* **THE PROBLEM**
Exactly as they appear below, repeat the lines from the one with "СПАСАЯ ОТ УНИЧТОЖЕНИЯ" through the one with "色:ニットドレスクリームライ". Drop every picture.

* **GIVEN RECORDS**
..............................

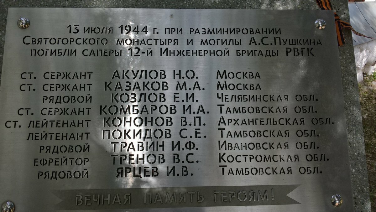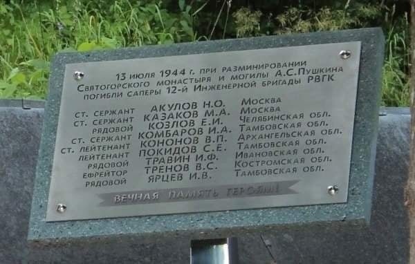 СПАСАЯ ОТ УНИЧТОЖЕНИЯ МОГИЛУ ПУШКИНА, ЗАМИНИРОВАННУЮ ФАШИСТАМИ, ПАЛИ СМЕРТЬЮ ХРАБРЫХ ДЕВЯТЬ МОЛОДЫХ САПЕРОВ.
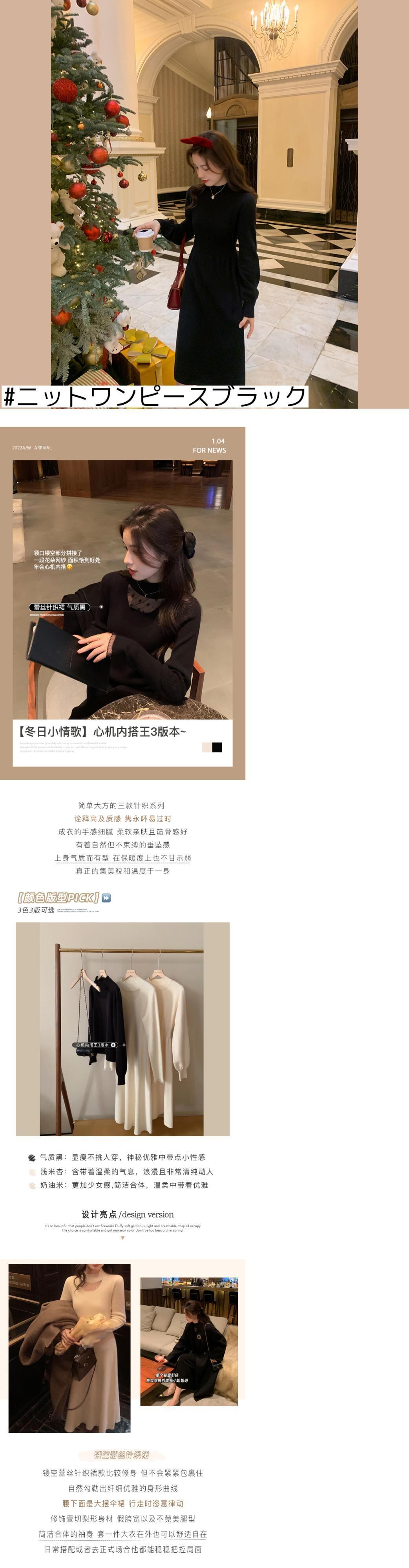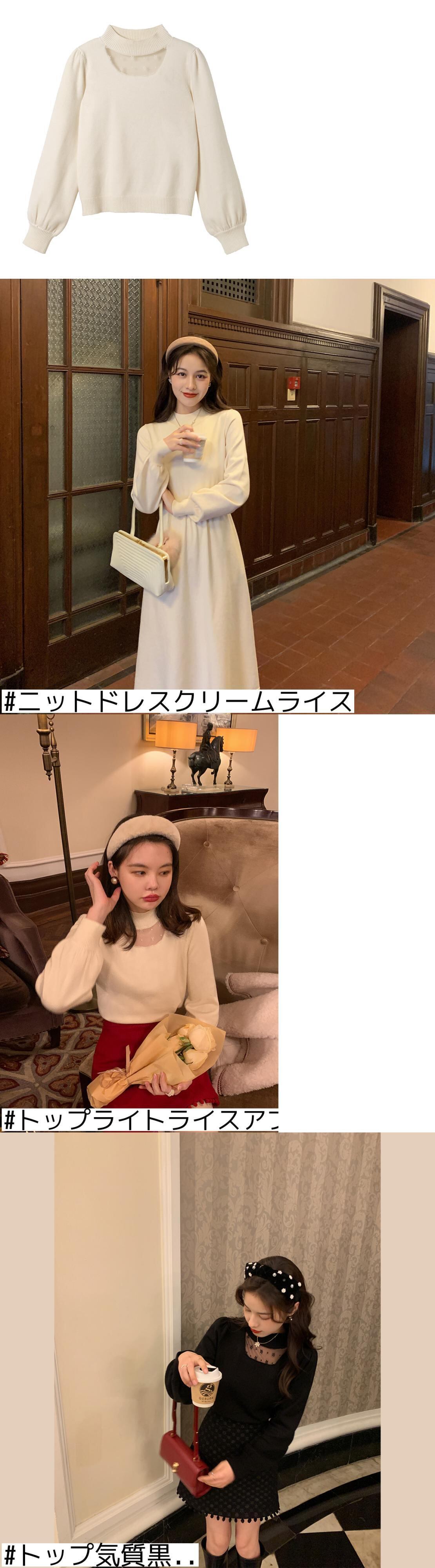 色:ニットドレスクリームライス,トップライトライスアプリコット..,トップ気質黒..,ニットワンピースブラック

..............................

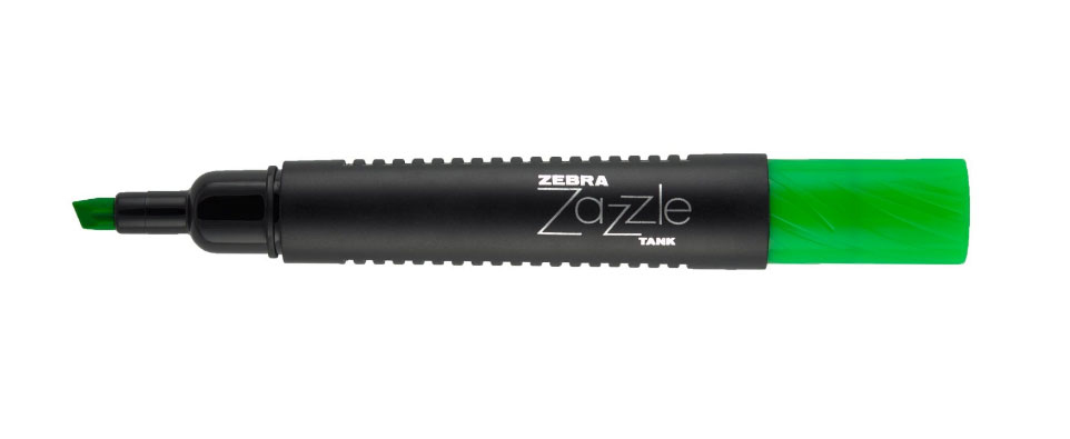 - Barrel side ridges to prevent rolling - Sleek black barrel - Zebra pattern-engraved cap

..............................

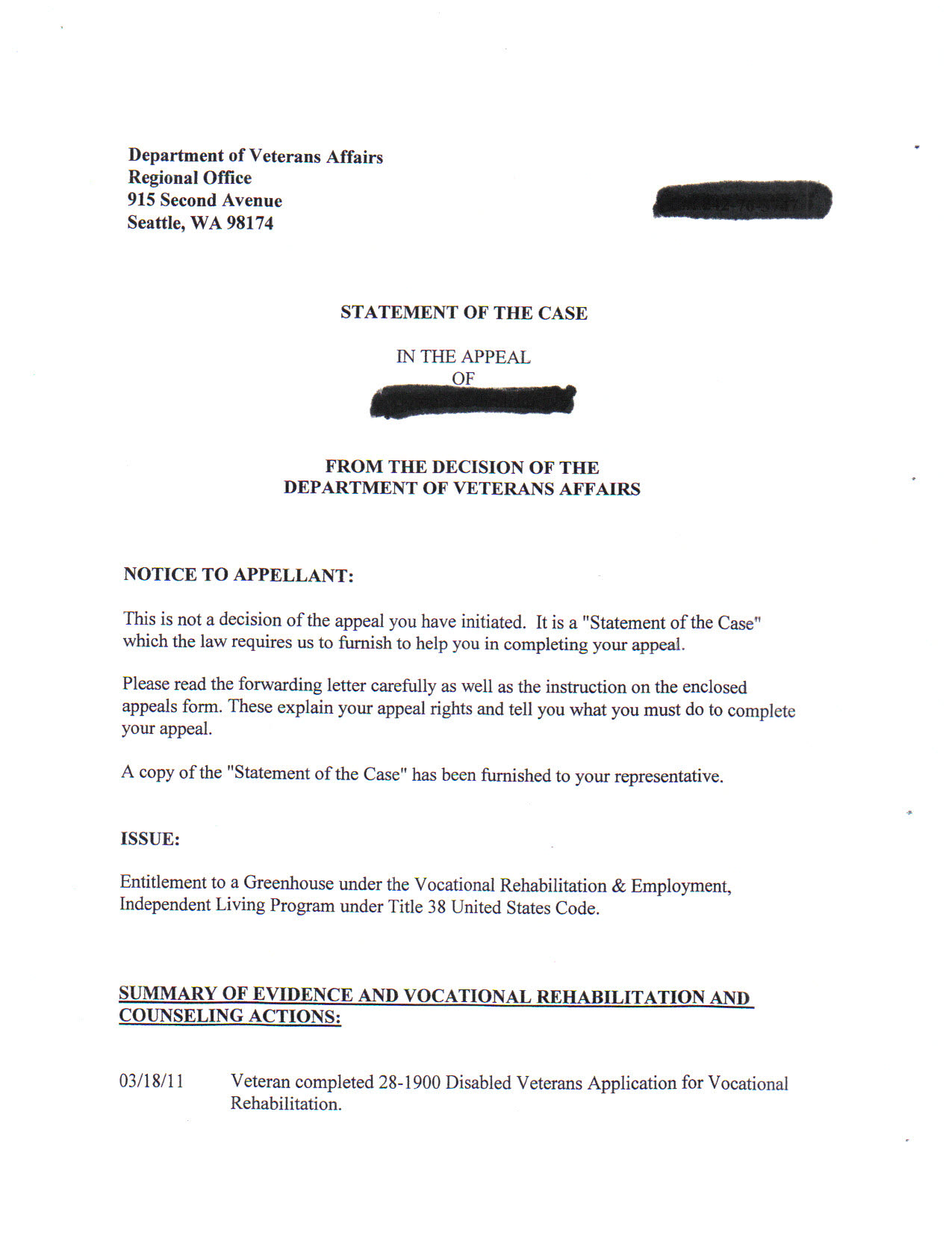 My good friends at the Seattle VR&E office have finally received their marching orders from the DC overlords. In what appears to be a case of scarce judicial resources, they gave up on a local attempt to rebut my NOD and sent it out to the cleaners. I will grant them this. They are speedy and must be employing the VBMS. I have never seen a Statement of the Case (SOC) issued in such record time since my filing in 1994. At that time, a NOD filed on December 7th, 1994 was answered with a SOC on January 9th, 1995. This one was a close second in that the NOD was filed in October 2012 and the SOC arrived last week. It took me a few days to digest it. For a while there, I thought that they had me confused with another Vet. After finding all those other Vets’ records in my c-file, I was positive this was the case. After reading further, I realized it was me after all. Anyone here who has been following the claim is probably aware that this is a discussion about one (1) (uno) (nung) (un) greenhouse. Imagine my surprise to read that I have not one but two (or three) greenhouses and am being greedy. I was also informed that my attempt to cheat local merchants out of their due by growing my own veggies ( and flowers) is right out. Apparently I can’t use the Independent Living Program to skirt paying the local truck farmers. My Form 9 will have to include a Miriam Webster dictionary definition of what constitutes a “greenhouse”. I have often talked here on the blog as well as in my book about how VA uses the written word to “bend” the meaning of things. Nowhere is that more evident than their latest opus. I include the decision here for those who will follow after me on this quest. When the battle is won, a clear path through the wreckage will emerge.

..............................

* **SOLUTION TO THIS PROBLEM**
 СПАСАЯ ОТ УНИЧТОЖЕНИЯ МОГИЛУ ПУШКИНА, ЗАМИНИРОВАННУЮ ФАШИСТАМИ, ПАЛИ СМЕРТЬЮ ХРАБРЫХ ДЕВЯТЬ МОЛОДЫХ САПЕРОВ.
 色:ニットドレスクリームライス,トップライトライスアプリコット..,トップ気質黒..,ニットワンピースブラック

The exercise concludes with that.